私立VRC学園に通い,2週間過ごして卒業して何を思ったのかをつらつらと書き連ねようというそういうものです.日記的に書いてきた今までとは異なり,最後の総括のようなものなので毛色としては初日のものに近いようになるかもしれません.それぞれの講義の感想については長くなるのは明白なので各日記を参照ください.

そもそもあなたは誰ですか

はじめましての人もいるでしょうし少しだけ自己紹介.pyocopelぴょこぺるという名前でVRChatに出没しています.VRChatを始めた時期は2018年8月,初代Vket(ちゃまけの呼び方結構好きでした)が開催される直前でした.今はマロンちゃん集会を主催したりしています.マロンちゃん,いいですよ? なってみません?

さて,本題です.

私立VRC学園とは

私立VRC学園というのは「VRChatに関する文化や技術を初心者の方へ伝えるとともに、その交流を促進することが目的のVRChat内イベント」です.こういうことを言うと「お前初心者ちゃうやん」とツッコミたくなりますし,自分もそう思っていました.しかし別に初心者でないからといってVRC学園は入学を拒否することはありませんし,クラス分けでも初心者と慣れた人を混ぜることでクラス内でサポートし合う環境を構築できるようにしていました.「話には聞くし行ってみたいけどTrustedやしな」と思っているもしかしたら内部的にはLegendなベテランVRChatterも,気になるなら説明会に行ってみてはいかがでしょうか.

入学して感じたこと

VRC学園のフレッシュさ

そもそもなぜ入学したのか,というとフレンドさんからの口コミで楽しそうな雰囲気を感じたからと,Trustedでも行って良いという気付きを得たことがきっかけでした.そして説明会に参加してコミュニケーション系の授業に魅力を感じ,集会の主催として勉強させていただくものはあるだろうという確信の元,応募してみたら当選したという感じでした.
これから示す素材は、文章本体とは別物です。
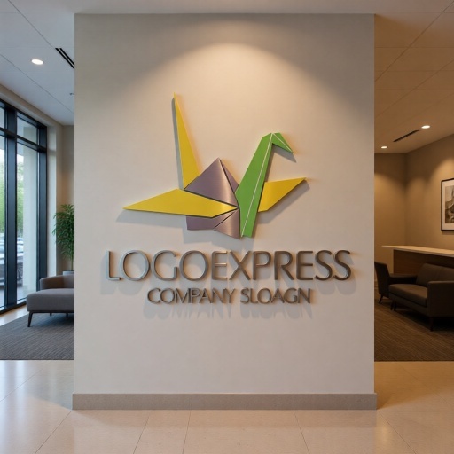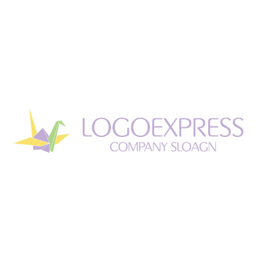 幾何学的なラインで構成された、パステルカラーの折り鶴をモチーフにしたロゴデザインです。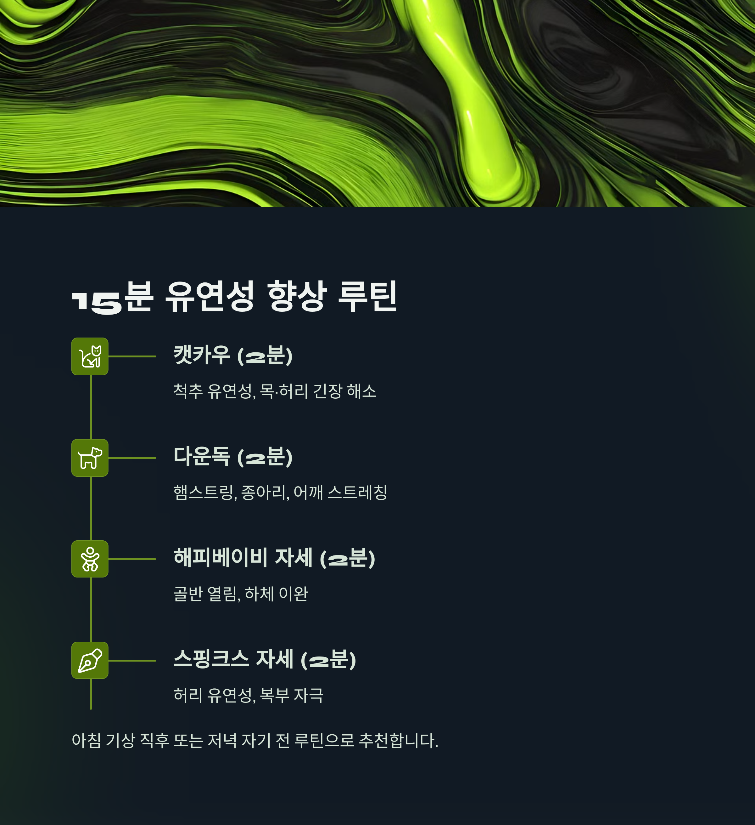 | 1 | 캣카우 (Cat-Cow) | 2분 | 척추 유연성, 목·허리 긴장 해소 |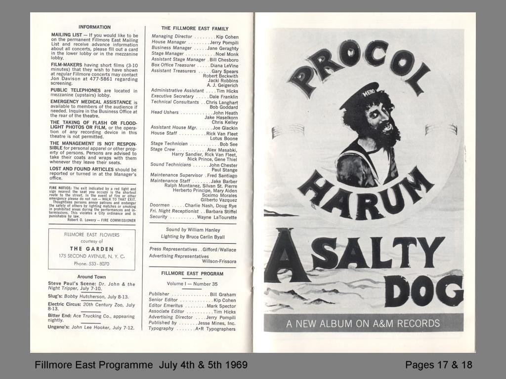 FILLMORE EAST PROGRAMME JULY 1969

界隈にもよるのでしょうが自分が身を置いている界隈はもうVRChatを初めて数年経っているような人ばかりいて,初心者の頃のフレッシュさはどこに置いてきたと言わんばかりの落ち着きようです.とはいえSanrioめっちゃ楽しいとかShaderFesのワクワク感が初めてVket行った時とおんなじ感じでやばいとか,時折心が若返ったりはします.一方でVRChatを始めたばかりの人が多いところでは何をするにも楽しいし何を見ても感動するという方が多くいます.やはり人が何かを楽しんでいる姿感動している姿を見るとこちらまで心が温まるようで,こちらも楽しくなってきます.

ある程度固定された界隈にいてると初心者の人とよく絡むということはありません.一方で学園では初心者も混ぜ込んで上からこのグループで2週間過ごしてくださいと言われます.自分のクラスは4組でしたが,2022年の12月に始めましたとか2023年1月に始めましたとか本当につい最近VRChatに入ってきた方も多く,いろんなワールドで楽しそうにしている姿とかを見ることができました.

固定の界隈にいると新しい刺激は入ってきませんし,どんどんと思考が老いていくだけです.やはりこういうときに初心者案内とかしてみると,と言いたいところですが,初心者案内はハードルが自分的には非常に高いのです.というのは初心者を責任もって特定の界隈に属させたりと面倒を見ることはできないし,最初のチュートリアルだけしてあと頑張れと突き放すことも自分にはできません.18年当時にやってみて痛感したことです.翻って学園,こちらは2週間一緒にいることが決まっています.2週間も一緒にいれば話せるフレンドにもなるでしょうし,この人はどういう人でという既存の界隈への紹介もできるでしょう.そういったフレッシュさを感じ,自分がVRChatを始めたときの何もかもにときめいた感情を思い起こさせることもできるし,入るための心理的障壁も初心者案内よりは軽いのが学園なのかなと思いました.Let's VRC アンチエイジング!

新しいコミュニティに入る怖さと杞憂

心理的障壁も初心者案内よりは軽いなんて微妙な表現に気付いた方は鋭いですね.人と人とのコミュニケーションなので合う合わないはあります.それを危惧して尻込みする人もいるでしょう.自分もそれでした.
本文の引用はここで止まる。